Step 1: Find the initial momentum components.

• East component (x-direction): $p_{x,i} = m_1v_{1x} = (2000 \text{ kg})(15 \text{ m/s}) = 30,000 \text{ kg}\cdot\text{m/s}$
• North component (y-direction): $p_{y,i} = m_2v_{2y} = (1500 \text{ kg})(20 \text{ m/s}) = 30,000 \text{ kg}\cdot\text{m/s}$

Step 2: After collision, the total mass is $m_T = 2000 \text{ kg} + 1500 \text{ kg} = 3500 \text{ kg}$

Step 3: Apply conservation of momentum to find final velocity components.

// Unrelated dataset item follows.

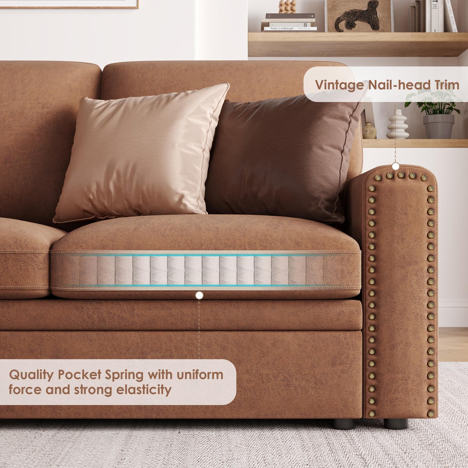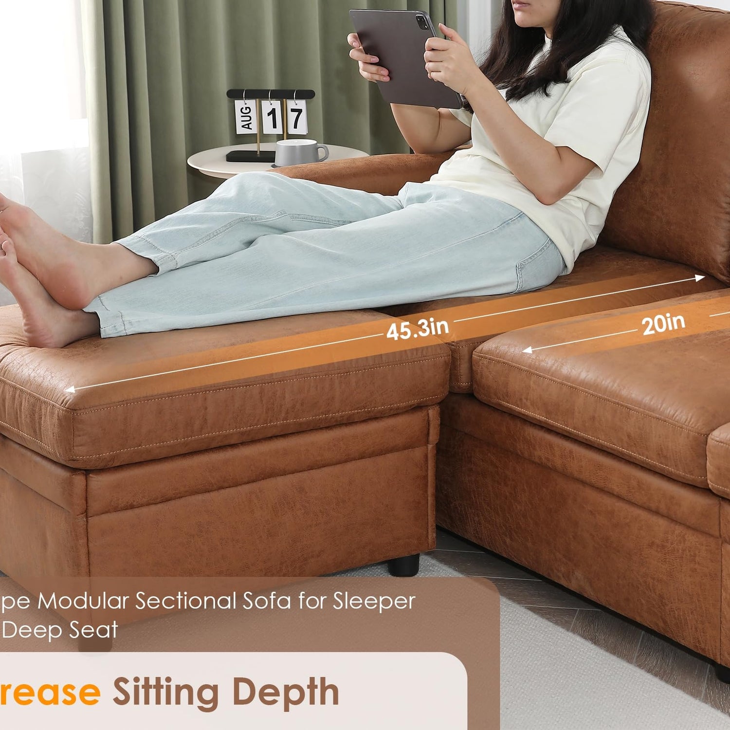 • Modular Sectional Sofa with 2 Movable Storage Seats: Our sectional couches can be freely combined by moving the 2 ottomans, which turns a normal sofa into a sleeper sofa bed, a U-shaped sofa, or an L-shaped sofa; You can create a sofa that fits your space perfectly and matches any occasion

• $v_{x,f} = \frac{p_{x,i}}{m_T} = \frac{30,000 \text{ kg}\cdot\text{m/s}}{3500 \text{ kg}} = 8.57 \text{ m/s}$ (east)
• $v_{y,f} = \frac{p_{y,i}}{m_T} = \frac{30,000 \text{ kg}\cdot\text{m/s}}{3500 \text{ kg}} = 8.57 \text{ m/s}$ (north)

Step 4: Calculate the magnitude and direction of the final velocity.

• Magnitude: $v_f = \sqrt{v_{x,f}^2 + v_{y,f}^2} = \sqrt{(8.57)^2 + (8.57)^2} = 12.1 \text{ m/s}$
• Direction: $\theta = \tan^{-1}\left(\frac{v_{y,f}}{v_{x,f}}\right) = \tan^{-1}\left(\frac{8.57}{8.57}\right) = 45°$ north of east

The combined cars move at 12.1 m/s at 45° north of east immediately after the collision.

Practice Problem 2: Center-of-Mass Velocity

Solution

To find the center-of-mass velocity, we use the formula: $\vec{v}_{\mathrm{cm}}=\frac{\sum\left(m_{i} \vec{v}_{i}\right)}{\sum m_{i}}$

Step 1: Calculate the total mass of the system. $m_{total} = 2 \text{ kg} + 5 \text{ kg} + 3 \text{ kg} = 10 \text{ kg}$

Step 2: Calculate the sum of the products of mass and velocity. $\sum(m_i v_i) = (2 \text{ kg})(3 \text{ m/s}) + (5 \text{ kg})(-2 \text{ m/s}) + (3 \text{ kg})(4 \text{ m/s})$ $\sum(m_i v_i) = 6 \text{ kg}\cdot\text{m/s} + (-10) \text{ kg}\cdot\text{m/s} + 12 \text{ kg}\cdot\text{m/s} = 8 \text{ kg}\cdot\text{m/s}$

Step 3: Calculate the center-of-mass velocity. $v_{cm} = \frac{8 \text{ kg}\cdot\text{m/s}}{10 \text{ kg}} = 0.8 \text{ m/s}$

The center-of-mass velocity of the system is 0.8 m/s in the positive x-direction.